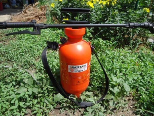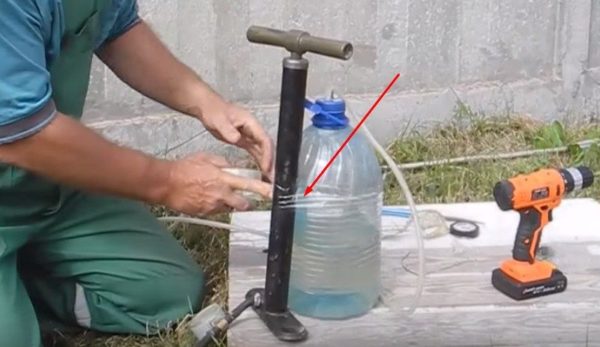 플라스틱 병에 니플을 끼울 구멍을 뚫고 벽에 단단히 고정합니다. 고무 씰을 접착제로 고정합니다. 펌프 호스를 니플에 나사로 고정합니다. 분무기를 병목에 부착합니다. 자전거 펌프를 플라스틱 용기의 닫힌 위치에 고정합니다. 시스템을 작동하려면 자전거 펌프로 병에 압력을 가합니다. 펌프를 작업 영역 쪽으로 향하게 하고 분무기 밸브를 엽니다.
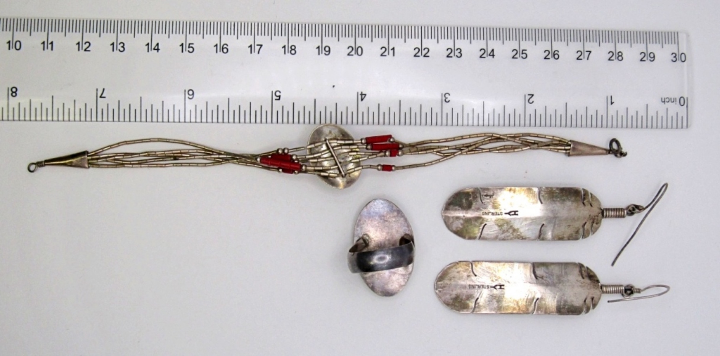 15 DWT. 7″ BRACELET STAMPED STERLING, SIZE 6.75 RING, & 2.5″ DANGLE PIERCED EARRINGS SIGNED “HY STERLING”.
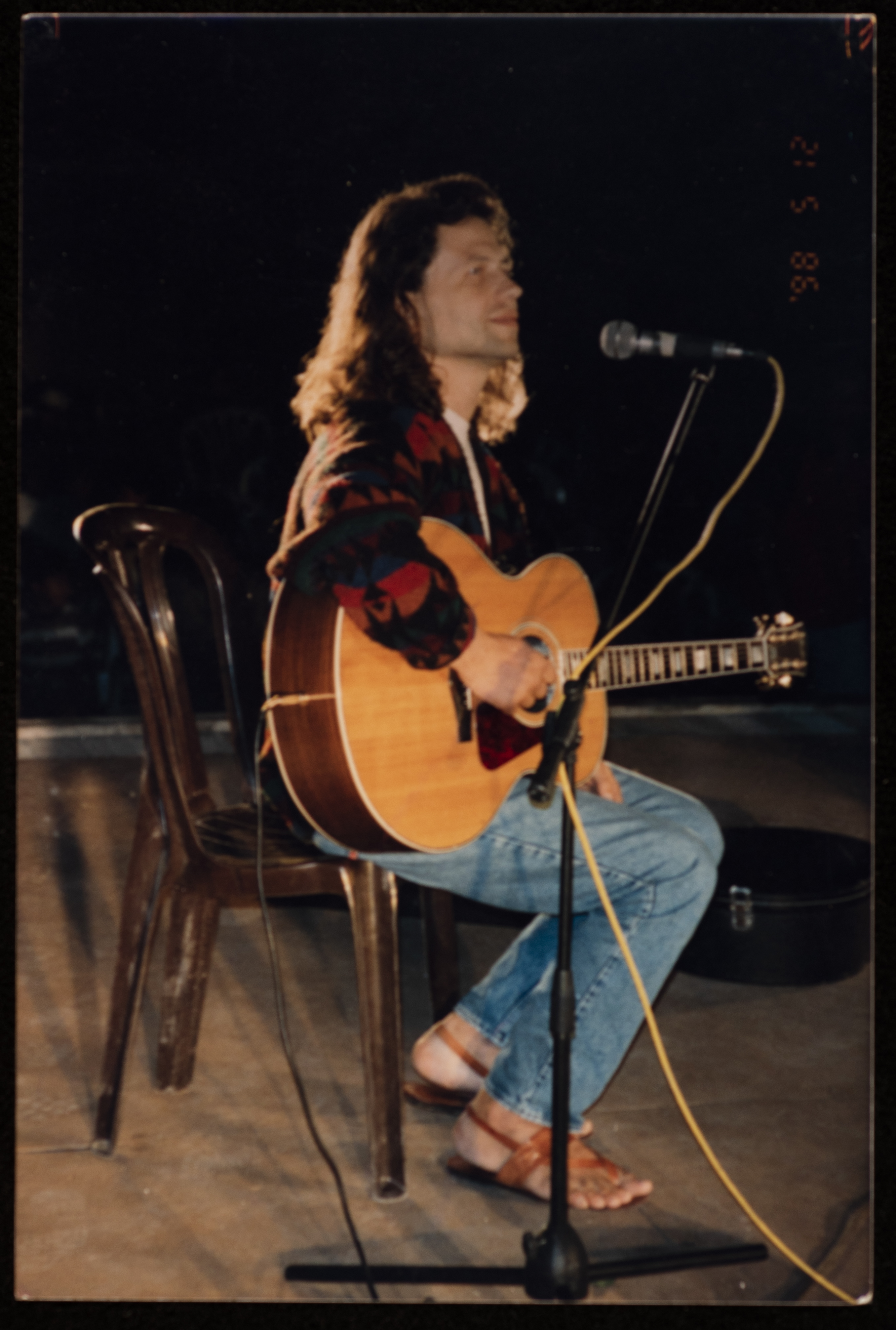 صورة لعازف جيتار أثناء فعاليات مهرجان صفا للتراث والثقافة والفنون الذي استمر لمدة خمسة أيام في مدرسة بنات قرية صفا عام 1998 من تنظيم مركز حنظلة الثقافي.

◆ Task directions:
From the very first line of the listing above through the line that holds "15 DWT. 7″ BRACELET", write out each line exactly as it stands, leaving pictures out.

◆ Answer space:
 플라스틱 병에 니플을 끼울 구멍을 뚫고 벽에 단단히 고정합니다. 고무 씰을 접착제로 고정합니다. 펌프 호스를 니플에 나사로 고정합니다. 분무기를 병목에 부착합니다. 자전거 펌프를 플라스틱 용기의 닫힌 위치에 고정합니다. 시스템을 작동하려면 자전거 펌프로 병에 압력을 가합니다. 펌프를 작업 영역 쪽으로 향하게 하고 분무기 밸브를 엽니다.
 15 DWT. 7″ BRACELET STAMPED STERLING, SIZE 6.75 RING, & 2.5″ DANGLE PIERCED EARRINGS SIGNED “HY STERLING”.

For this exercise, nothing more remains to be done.